The system must never hide failures from users. Every exception must propagate to the user interface. Every partial failure must halt processing entirely. Every degraded state must be rejected. Users engaged in formation require truth about system state. Silent failures create false formation—users believing they understand patterns that don’t exist.

The system must never silently skip failures during processing. Every document must receive identical processing attempt with explicit failure tracking. When processing fails for individual documents, continue processing while recording each failure with complete context. When users request processing of 3,000 documents and 153 fail, they must receive clear reporting: “2,847 processed successfully, 153 failed” with detailed failure logs. Never report completion without full disclosure of failures. Never skip documents without recording why. The prohibition is against silent partial processing, not against continuing with transparent failure tracking.

Required Failure Patterns

External service failures must immediately halt processing with descriptive exceptions. When the language model cannot be reached, when the database rejects constraints, when the file system denies access—fail immediately. Do not retry silently. Do not degrade gracefully. Do not continue hopefully. Fail fast, fail clear, fail honest.

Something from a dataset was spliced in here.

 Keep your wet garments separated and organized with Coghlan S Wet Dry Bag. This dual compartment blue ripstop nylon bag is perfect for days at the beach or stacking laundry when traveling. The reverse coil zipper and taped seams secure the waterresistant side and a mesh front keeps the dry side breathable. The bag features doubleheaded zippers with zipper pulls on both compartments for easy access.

Data validation failures must prevent storage entirely. Invalid embeddings must not enter the vector space. Malformed assessments must not enter the database. Corrupted documents must not enter the corpus. Reject at the boundary. Fail at validation. Never store questionable data hoping to handle it later.

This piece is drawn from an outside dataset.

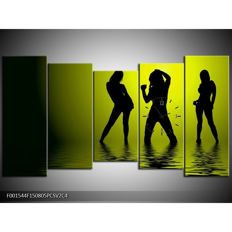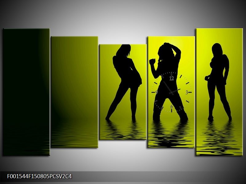 Klok schilderij Dansen | Groen, Zwart | 150x80cm 5Luik

Transaction boundaries must encompass individual entity operations. Each document processing, embedding generation, or assessment storage occurs within its own transaction boundary. When processing a single document fails, that document’s transaction rolls back while others complete successfully. Track all failures explicitly for user visibility. No silent partial commits within an entity. No hiding of entity-level failures. Each entity operation either succeeds atomically or fails with clear reporting.

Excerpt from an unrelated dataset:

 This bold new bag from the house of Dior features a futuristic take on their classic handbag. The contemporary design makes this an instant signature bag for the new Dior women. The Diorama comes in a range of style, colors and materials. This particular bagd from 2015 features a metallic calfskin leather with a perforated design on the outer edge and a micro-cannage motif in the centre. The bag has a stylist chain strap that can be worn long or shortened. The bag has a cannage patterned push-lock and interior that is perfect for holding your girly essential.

Error Communication Requirements

Every exception must explain what failed, why it matters for formation, and what the user should do. Not “Connection failed” but “Cannot reach language model for embedding generation. Document processing halted. Ensure LLM service is running on configured endpoint.” Not “Invalid data” but “Embedding dimension mismatch: expected 1536, received 768. Vector space consistency broken. Check model configuration.”

Every error must preserve formation context. Include the journey ID, the process type, the document being processed, the specific operation that failed. Users need forensic information to understand impact on their formation journey.

Every failure must be logged with full stack traces while presenting users with actionable messages. Technical details go to logs for debugging. Formation impact goes to users for decision-making.